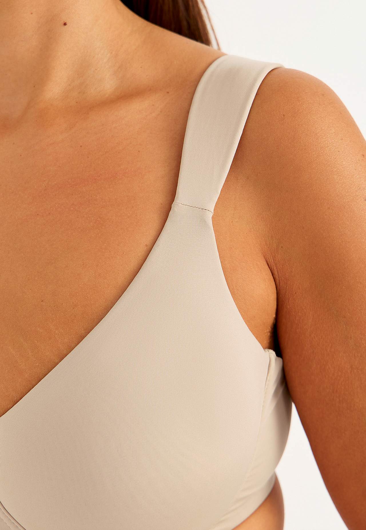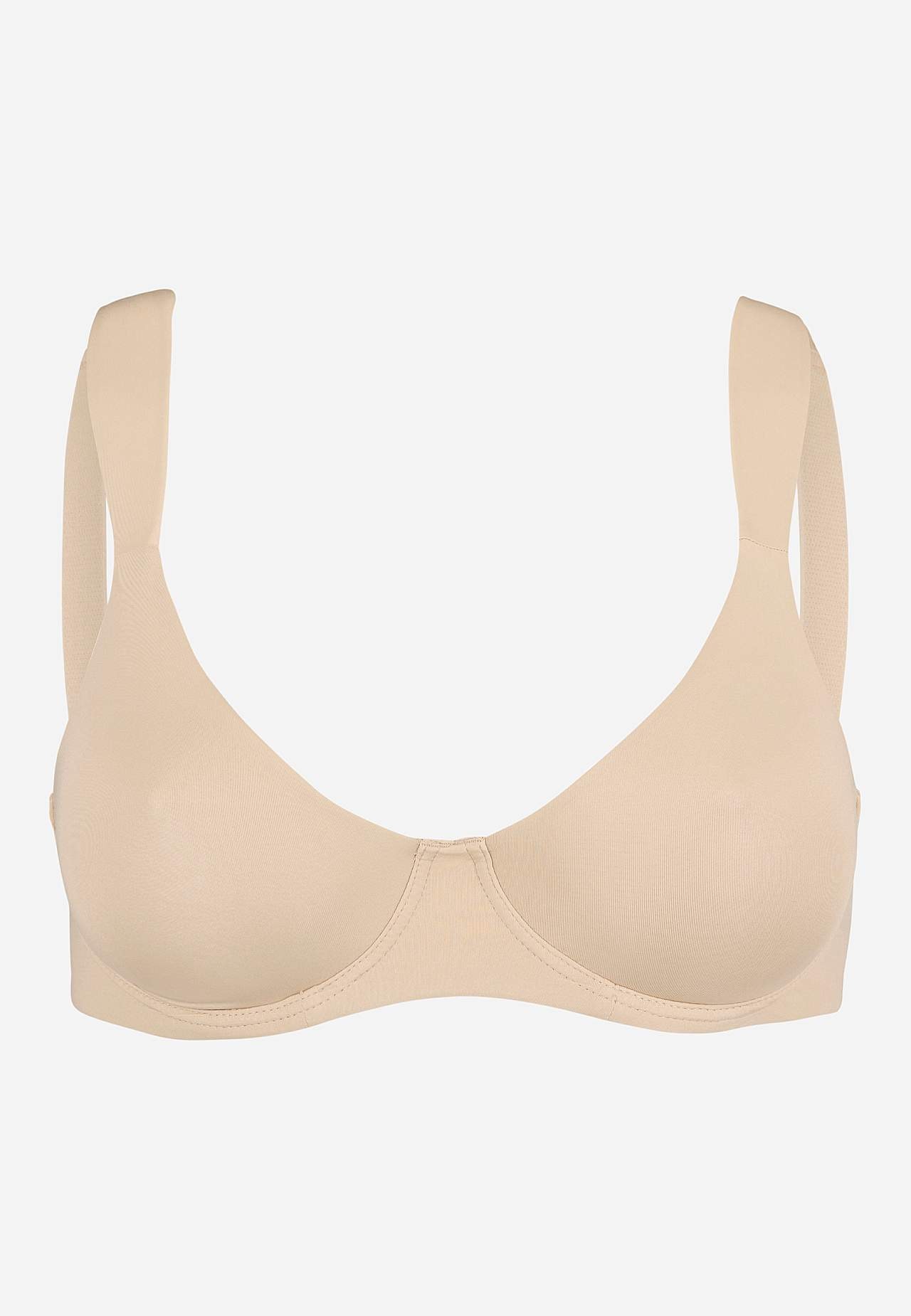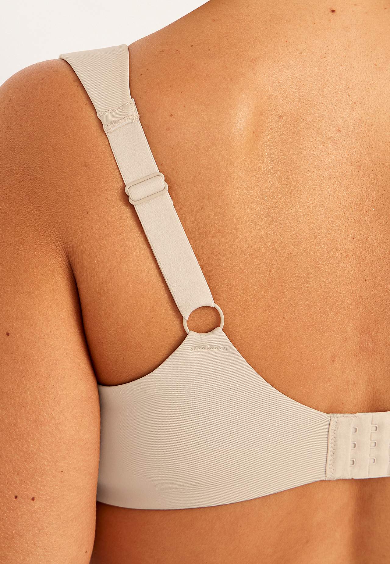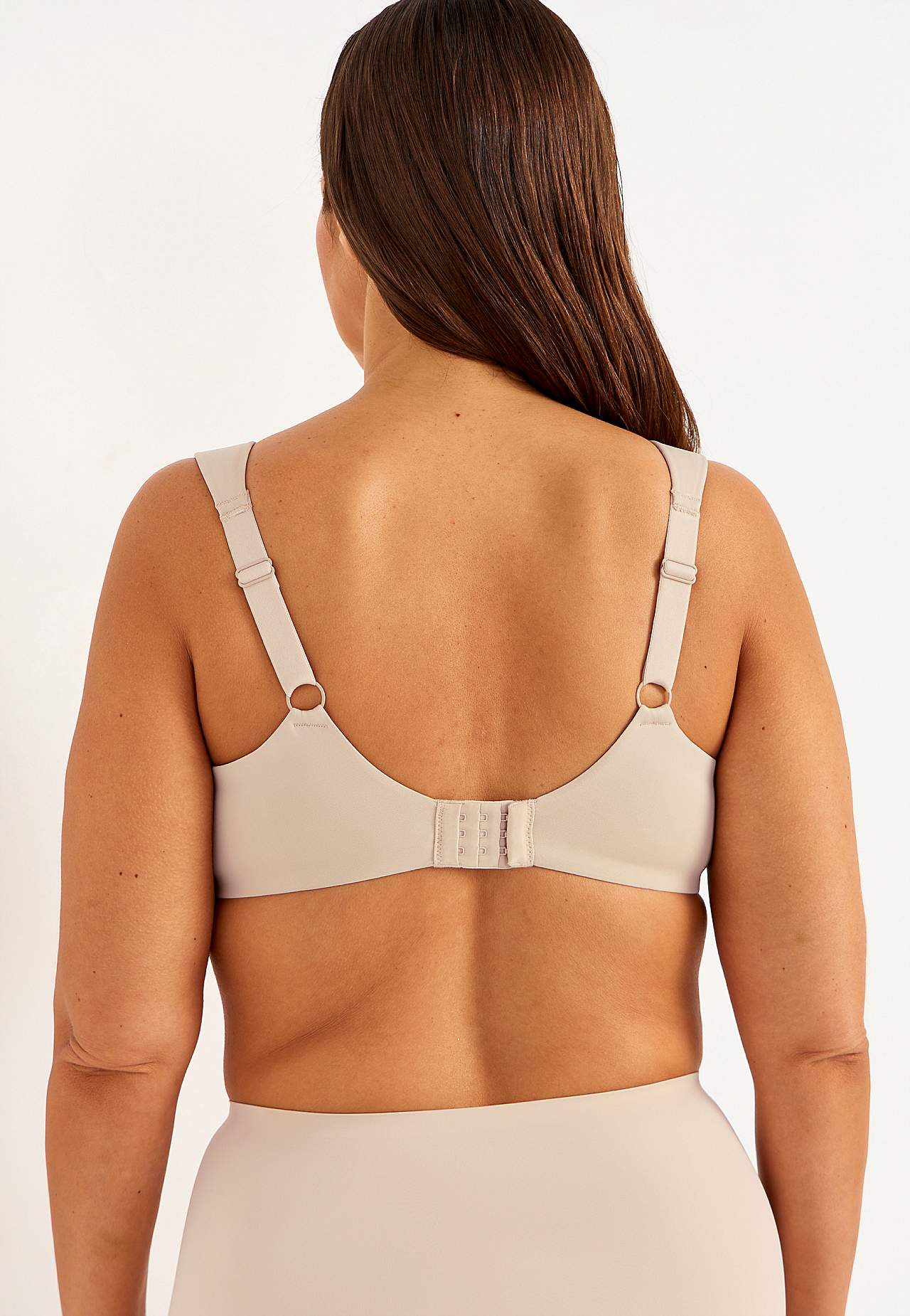 Mjuk, skön bygel-bh med formsydda, ovadderade kupor. Stabiliserande meshtyg inuti kupans ytterkant. Breda sidor som bidrar med stabilitet och bekvämlighet. Tvåradig hysk- och hakknäppning bak, treradig i större storlekar.
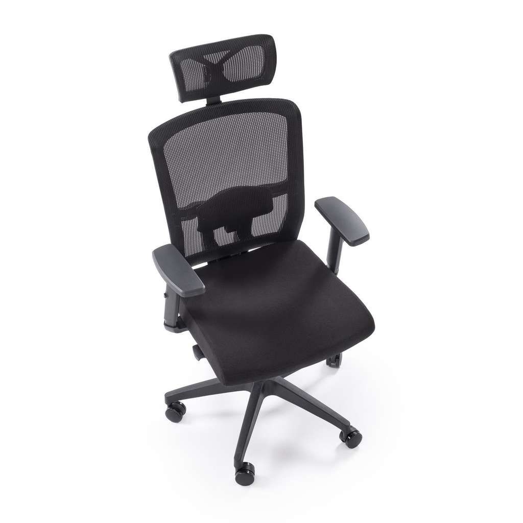 Reglajele multiple, inclusiv tetiera și brațele reglabile, permit personalizarea scaunului în funcție de nevoile fiecărui utilizator, iar tapițeria din plasă și stofă asigură o ventilație bună și confort sporit pe parcursul zilei de lucru. Cu o greutate de 14,5 kg și roți universale, scaunul este ușor de manevrat și stabil.
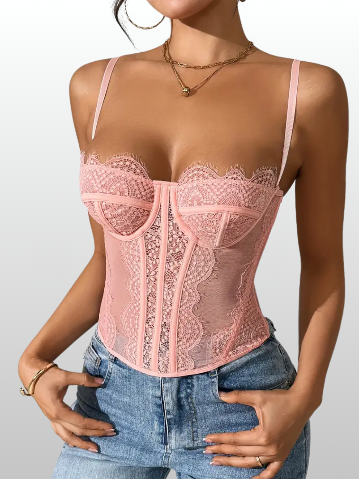 Sexy Spitzenkorsett Top für Frauen | Romantisches Bustier Top mit Push-up | Schickes Mesh Korsett-Top Outfit | Coquette-Ästhetik Spitzentop | Modernes feminines Korsett für Outfits | V-Saum Bustier Top formend | Verstellbares Korsett mit Hakenverschluss | Soft-Romance Spitzen Fashion Top | Trendiges Korsett-Outfit für Date Nights | Spitzenkorsett Top zu Jeans
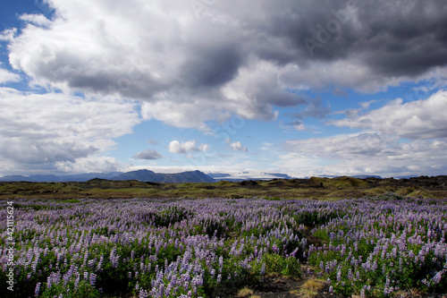 Obraz premium Dramatic sky over lupine field with Mýrdalsjökull in the background, Iceland
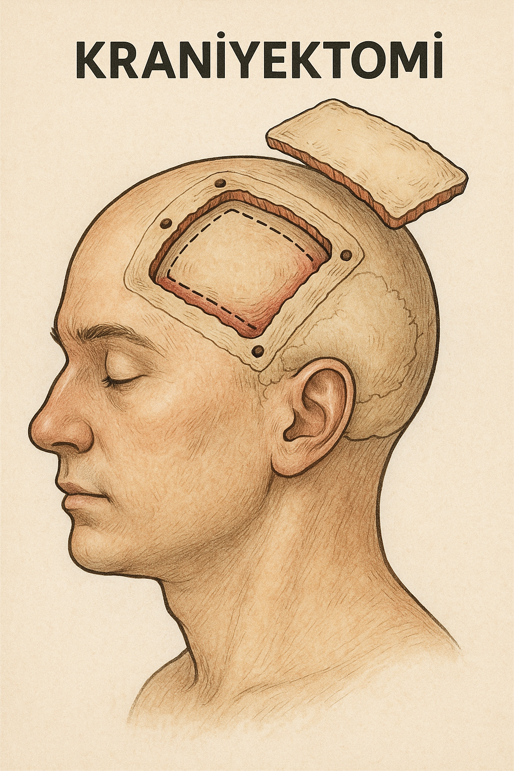 - Kafatasının belirli bir bölgesindeki tüm kemik parçalarının çıkarılmasıdır.
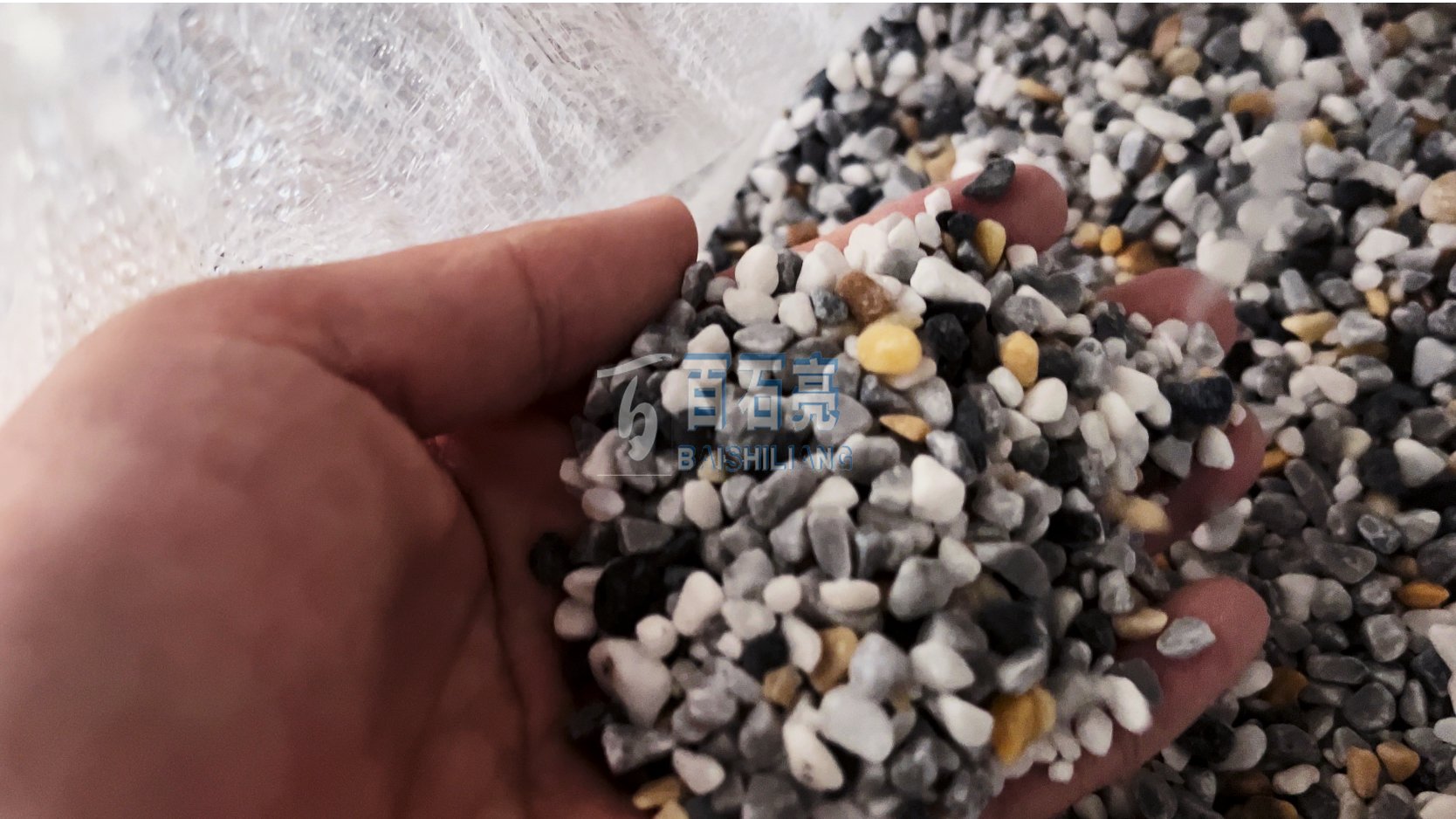 客戶選用的是我們的爆款灰色系列水洗石,主要是由3-5的黑色、灰色、白色、黃色骨料均勻配比而成??梢钥吹轿覀兊乃词橇项w顆分明,都是選用的優(yōu)質(zhì)天然鵝卵石碎。洗出來的效果也是相當(dāng)?shù)陌瓦m,給人一種低調(diào)奢華的感覺,而且耐臟,大氣。用在室內(nèi)花園不用怕不好打理,與綠植軟裝搭配特別的舒適、休閑。
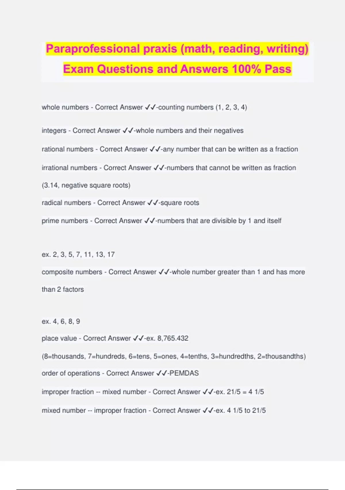 Paraprofessional praxis (math, reading, writing) Exam Questions and Answers 100% Pass whole numbers - Correct Answer ️️ -counting numbers (1, 2, 3, 4) integers - Correct Answer ️️ -whole numbers and their negatives rational numbers - Correct Answer ️️ -any number that can be written as a fraction irrational numbers - Correct Answer ️️ -numbers that cannot be written as fraction (3.14, negative square roots) radical numbers - Correct Answer ️️ -square roots prime numbers - Correct Answer ️️ -numbers that are divisible by 1 and itself ex. 2, 3, 5, 7, 11, 13, 17 composite numbers - Correct Answer ️️ -whole number greater than 1 and has more than 2 factors ex. 4, 6, 8, 9 place value - Correct Answer ️️ -ex. 8,765.432 (8=thousands, 7=hundreds, 6=tens, 5=ones, 4=tenths, 3=hundredths, 2=thousandths) order of operations - Correct Answer ️️ -PEMDAS improper fraction -- mixed number - Correct Answer ️️ -ex. 21/5 = 4 1/5 mixed number -- improper fraction - Correct Answer ️️ -ex. 4 1/5 to 21/5 multiple whole number (4) with denominator (5) and add numerator (1), put over denominator kilo - Correct Answer ️️ -thousand ex. 1 kilometer = 1000 meters deci - Correct Answer ️️ -tenth ex. 10 deciliters = 1 liter centi - Correct Answer ️️ -hundredth ex. 100 centimeters = 1 meter milli - Correct Answer ️️ -thousandth ex. 1000 milligrams = 1 gram miles -- feet - Correct Answer ️️ -1 mile = 5280 feet yard -- feet - Correct Answer ️️ -1 yard = 3 feet feet -- inches - Correct Answer ️️ -1 ft = 12 in gallon - Correct Answer ️️ -1 gallon = 4 quarts = 8 pints = 16 cups = 128 fluid oz pounds -- ounces - Correct Answer ️️ -1 pound = 16 ounces tons -- pounds - Correct Answer ️️ -1 ton = 2000 pounds inches -- cm - Correct Answer ️️ -1 inch = 2.54 cm miles -- kilometers - Correct Answer ️️ -1 mi = 1.61 km gallon -- liters - Correct Answer ️️ -1 gallon = 3.8 L liters -- cups - Correct Answer ️️ -1 liter = 4.2 cups kilogram -- pounds - Correct Answer ️️ -1 kg = 2.2 lbs scalene triangle - Correct Answer ️️ -a triangle with no congruent sides isosceles triangle - Correct Answer ️️ -a triangle with at least two congruent sides equilateral triangle - Correct Answer ️️ -a triangle with 3 congruent sides acute triangle - Correct Answer ️️ -a triangle with t
+-------+
TASK TO CARRY OUT: Leave the pictures out and repeat exactly the lines from the beginning of the records to the line bearing "Reglajele multiple, inclusiv", both ends counted.

RESULT FOR THIS EXERCISE:
 Mjuk, skön bygel-bh med formsydda, ovadderade kupor. Stabiliserande meshtyg inuti kupans ytterkant. Breda sidor som bidrar med stabilitet och bekvämlighet. Tvåradig hysk- och hakknäppning bak, treradig i större storlekar.
 Reglajele multiple, inclusiv tetiera și brațele reglabile, permit personalizarea scaunului în funcție de nevoile fiecărui utilizator, iar tapițeria din plasă și stofă asigură o ventilație bună și confort sporit pe parcursul zilei de lucru. Cu o greutate de 14,5 kg și roți universale, scaunul este ușor de manevrat și stabil.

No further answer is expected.